'''
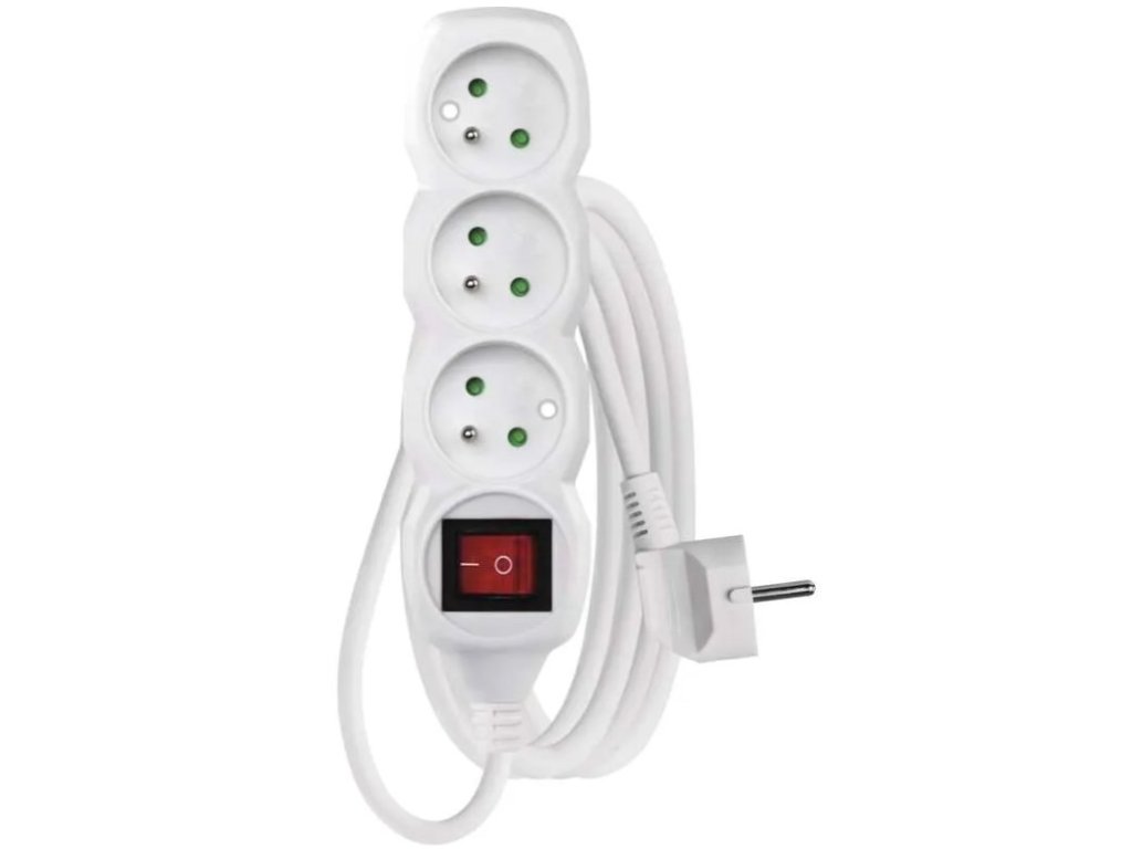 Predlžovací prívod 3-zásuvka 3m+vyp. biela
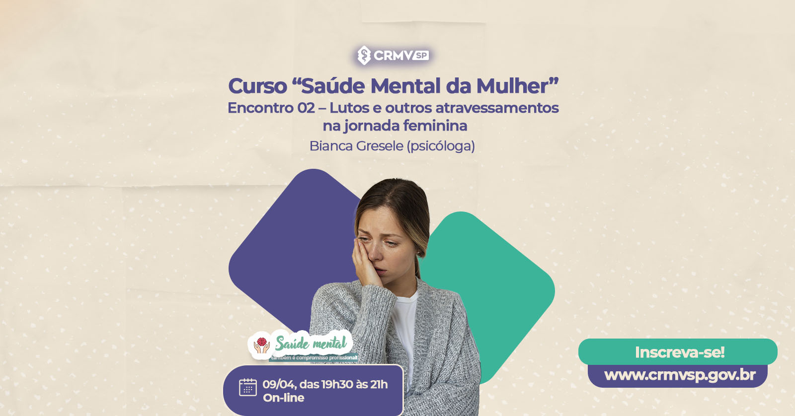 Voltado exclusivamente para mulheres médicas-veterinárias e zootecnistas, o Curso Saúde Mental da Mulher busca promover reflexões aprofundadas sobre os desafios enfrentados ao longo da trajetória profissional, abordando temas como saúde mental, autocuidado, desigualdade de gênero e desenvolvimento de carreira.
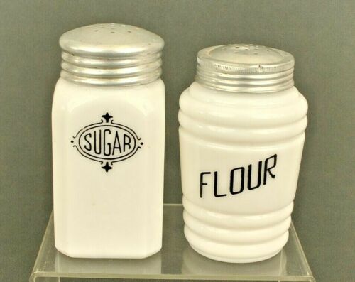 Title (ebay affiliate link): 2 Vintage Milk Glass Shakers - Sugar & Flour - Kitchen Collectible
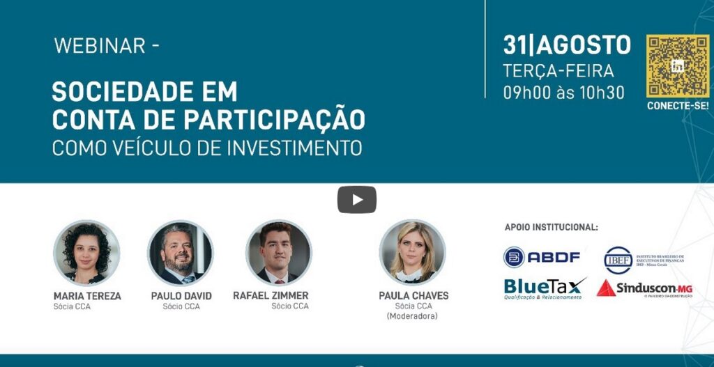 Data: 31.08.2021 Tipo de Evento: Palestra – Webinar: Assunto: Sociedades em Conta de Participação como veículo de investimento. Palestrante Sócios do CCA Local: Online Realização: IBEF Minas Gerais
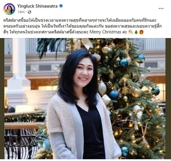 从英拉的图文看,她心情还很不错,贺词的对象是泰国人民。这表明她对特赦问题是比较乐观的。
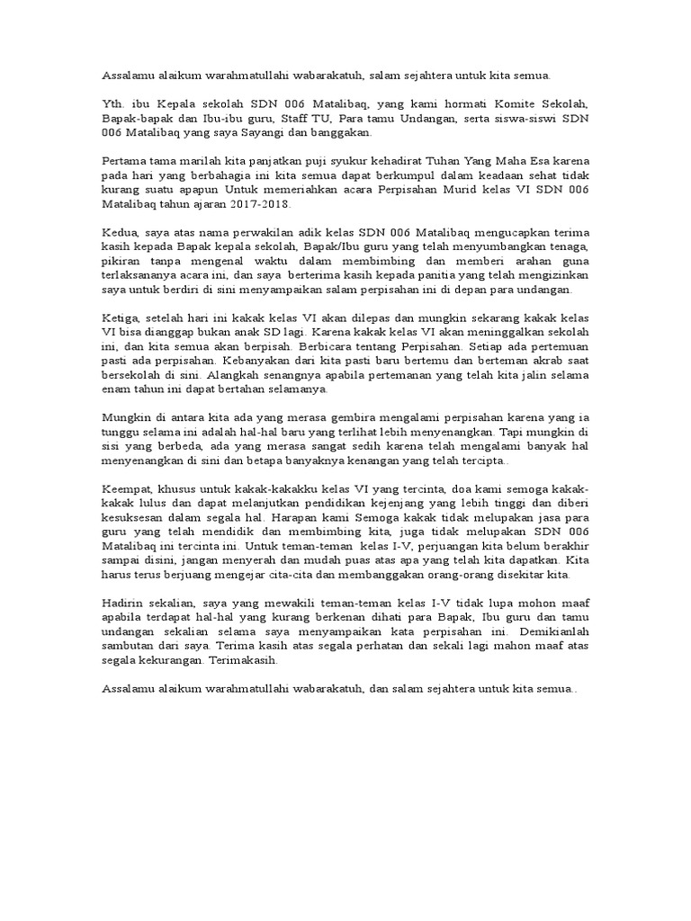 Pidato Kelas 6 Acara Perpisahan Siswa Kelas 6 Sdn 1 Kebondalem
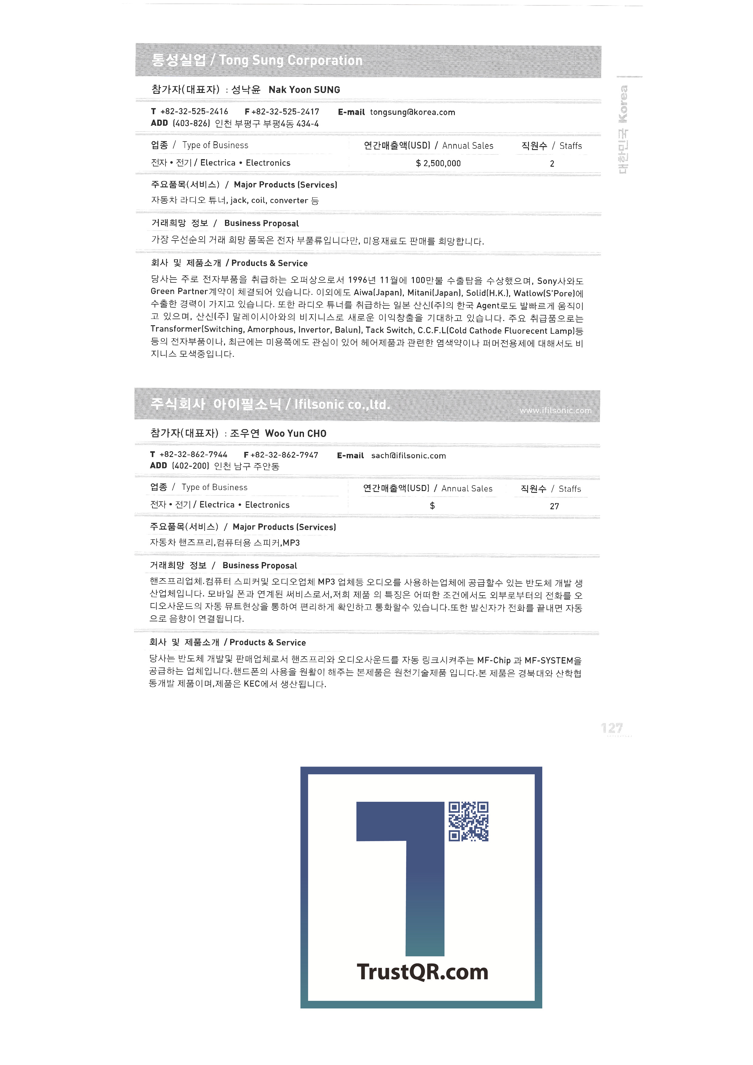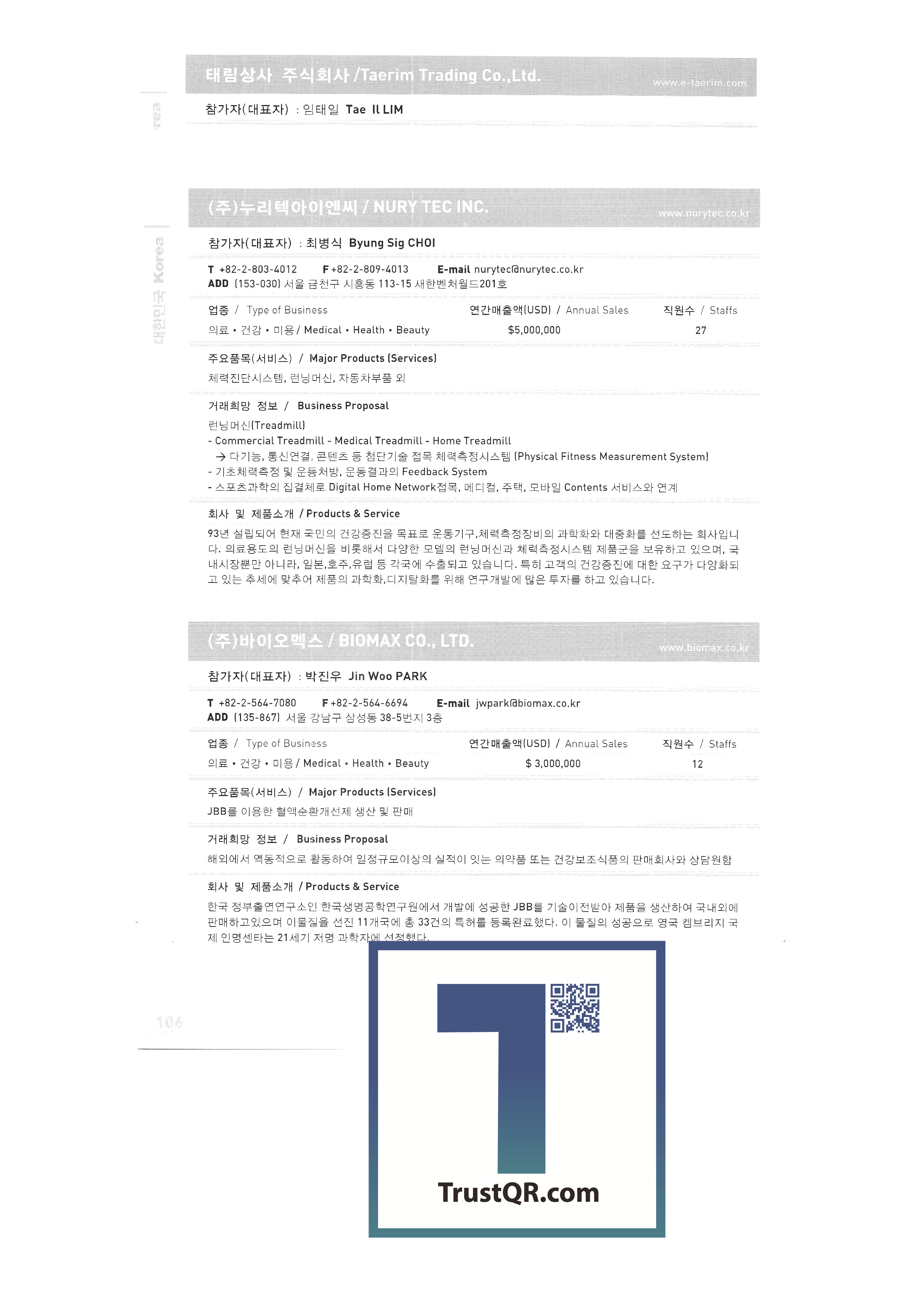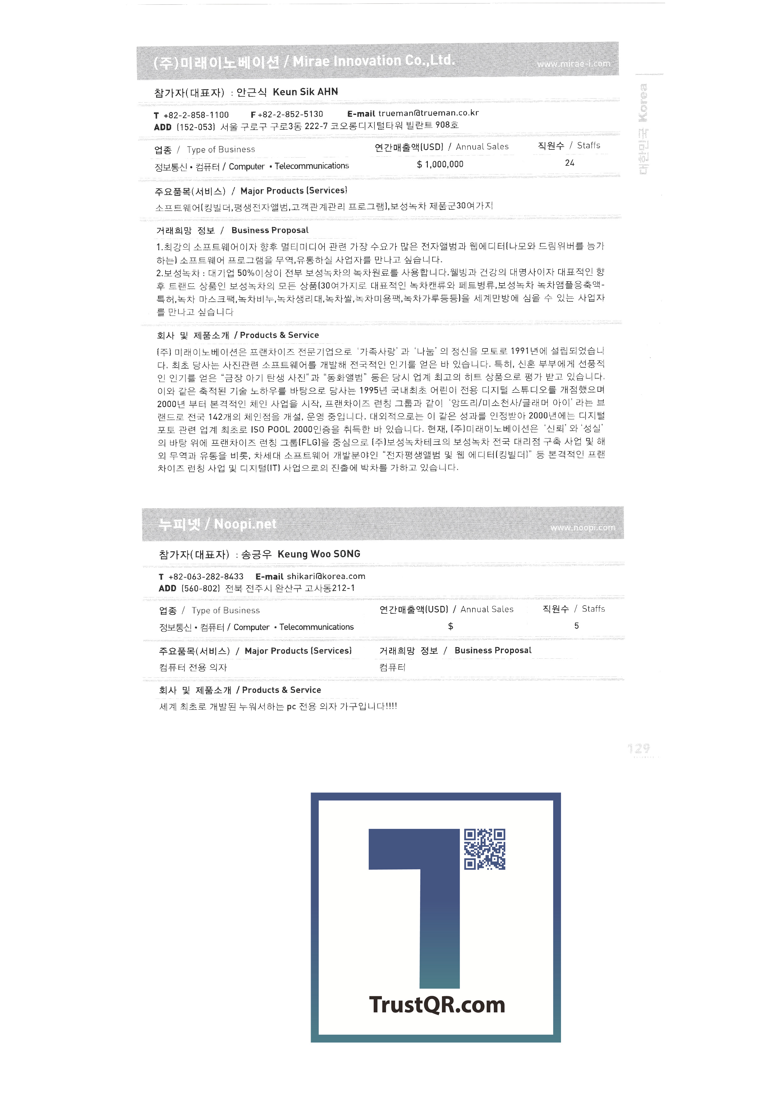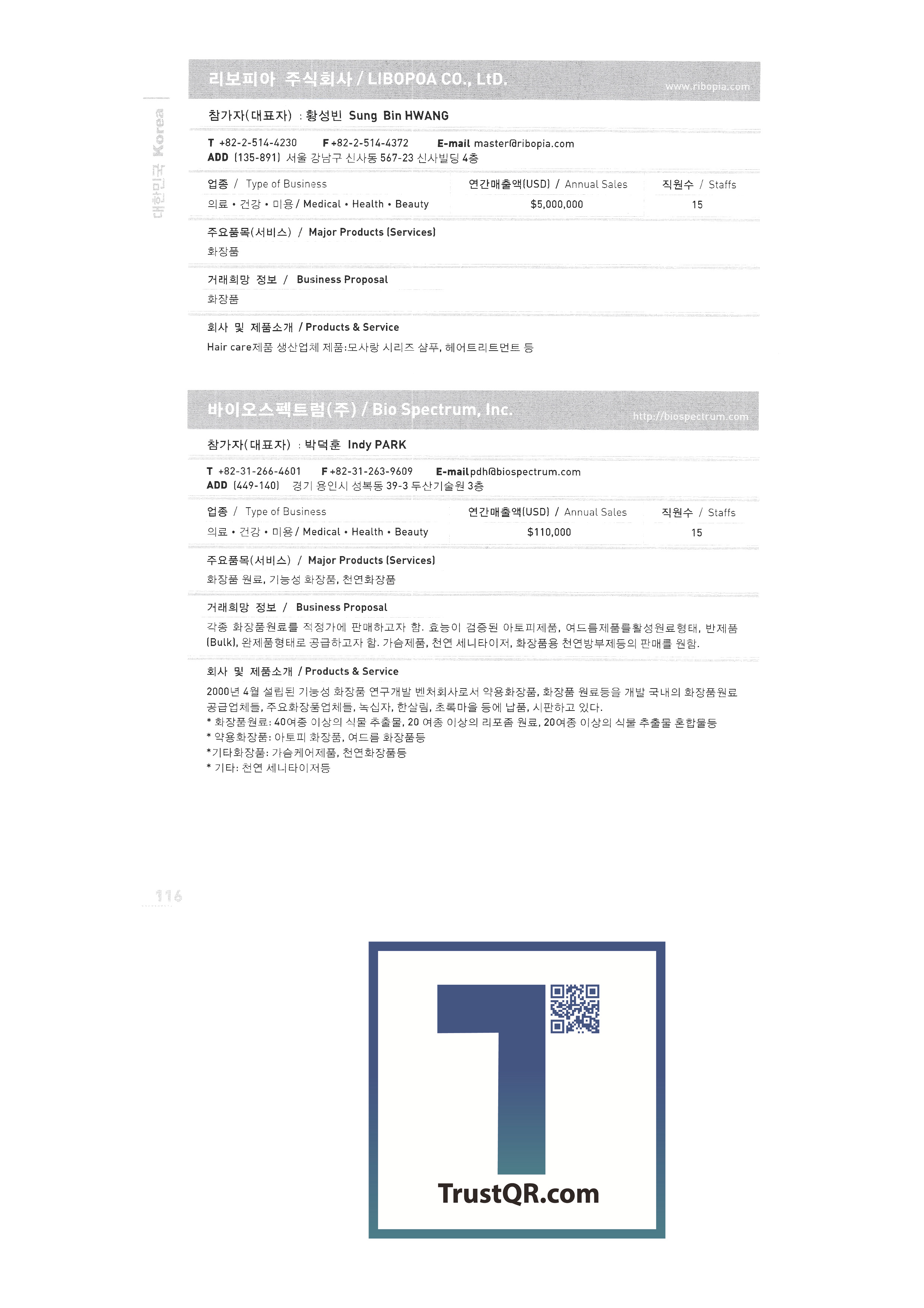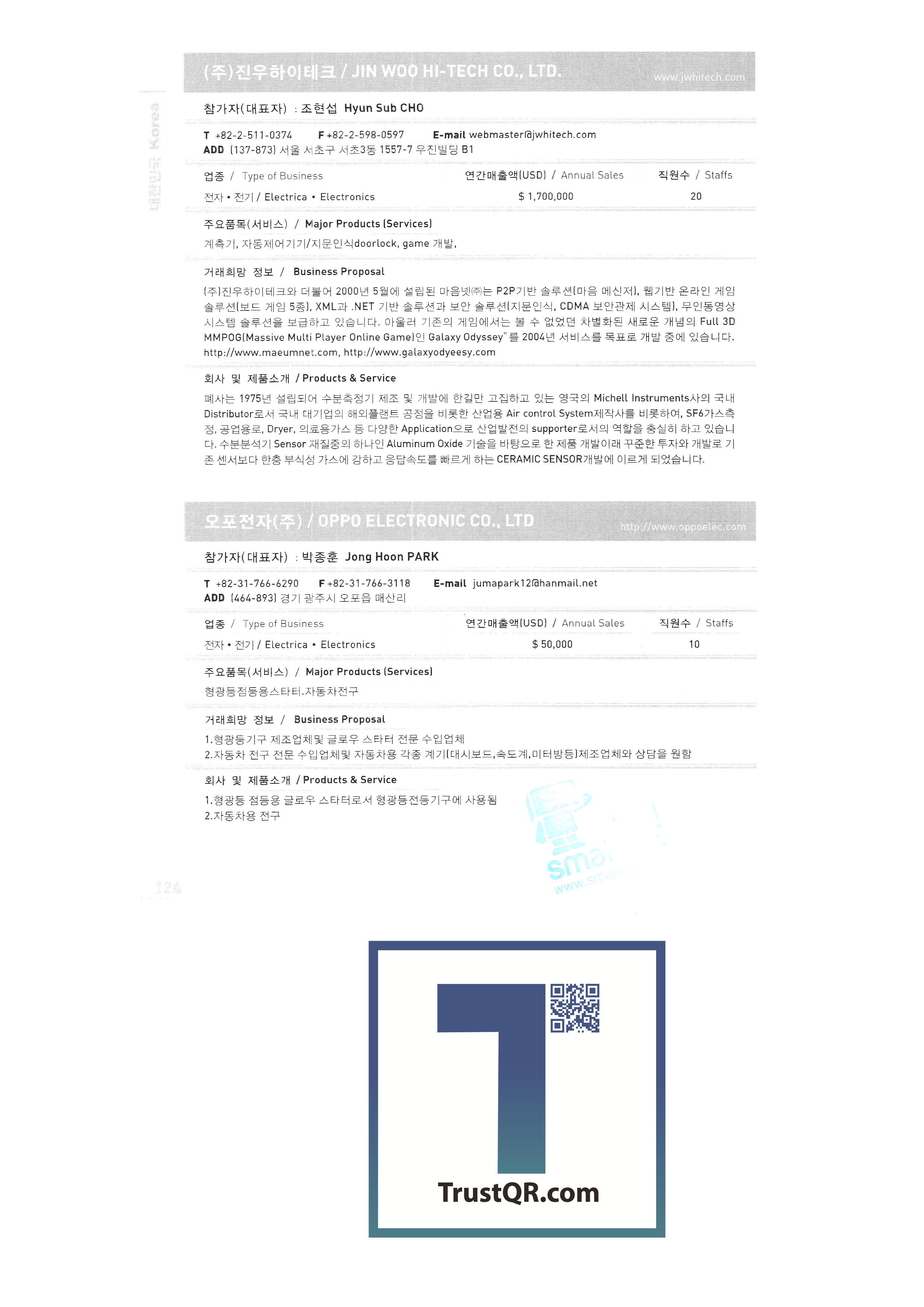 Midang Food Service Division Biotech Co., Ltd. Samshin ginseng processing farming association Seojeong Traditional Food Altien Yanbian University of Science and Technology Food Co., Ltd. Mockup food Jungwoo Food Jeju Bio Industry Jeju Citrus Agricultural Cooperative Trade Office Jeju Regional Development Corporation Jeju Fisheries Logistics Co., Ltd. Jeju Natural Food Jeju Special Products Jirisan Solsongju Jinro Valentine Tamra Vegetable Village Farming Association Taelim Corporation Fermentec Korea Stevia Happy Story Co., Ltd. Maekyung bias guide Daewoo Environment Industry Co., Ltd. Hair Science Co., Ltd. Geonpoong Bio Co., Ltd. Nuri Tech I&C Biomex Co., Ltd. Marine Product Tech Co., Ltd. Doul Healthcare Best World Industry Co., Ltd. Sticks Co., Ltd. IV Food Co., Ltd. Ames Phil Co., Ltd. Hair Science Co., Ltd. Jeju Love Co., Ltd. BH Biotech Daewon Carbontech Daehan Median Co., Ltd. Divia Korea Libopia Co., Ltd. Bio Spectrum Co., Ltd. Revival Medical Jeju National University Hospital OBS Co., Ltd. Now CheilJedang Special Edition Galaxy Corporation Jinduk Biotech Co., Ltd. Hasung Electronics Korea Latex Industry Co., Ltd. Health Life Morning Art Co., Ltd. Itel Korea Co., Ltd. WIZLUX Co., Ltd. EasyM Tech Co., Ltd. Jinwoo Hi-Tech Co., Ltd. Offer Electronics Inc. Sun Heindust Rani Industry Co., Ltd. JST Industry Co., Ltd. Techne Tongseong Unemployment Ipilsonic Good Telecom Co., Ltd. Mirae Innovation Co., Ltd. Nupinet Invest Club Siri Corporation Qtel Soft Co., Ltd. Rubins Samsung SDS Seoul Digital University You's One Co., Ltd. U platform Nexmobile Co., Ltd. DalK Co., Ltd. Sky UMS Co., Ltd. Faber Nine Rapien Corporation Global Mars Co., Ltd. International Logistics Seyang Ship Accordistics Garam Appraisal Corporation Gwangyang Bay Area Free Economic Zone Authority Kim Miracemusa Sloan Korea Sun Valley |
'''
→ Task statement
Among the entries above, take the lines from the one with "Data: 31.08.2021 Tipo" through the one with "Pidato Kelas 6" and retype them exactly, leaving out the pictures.

→ Completed exercise
 Data: 31.08.2021 Tipo de Evento: Palestra – Webinar: Assunto: Sociedades em Conta de Participação como veículo de investimento. Palestrante Sócios do CCA Local: Online Realização: IBEF Minas Gerais
 从英拉的图文看,她心情还很不错,贺词的对象是泰国人民。这表明她对特赦问题是比较乐观的。
 Pidato Kelas 6 Acara Perpisahan Siswa Kelas 6 Sdn 1 Kebondalem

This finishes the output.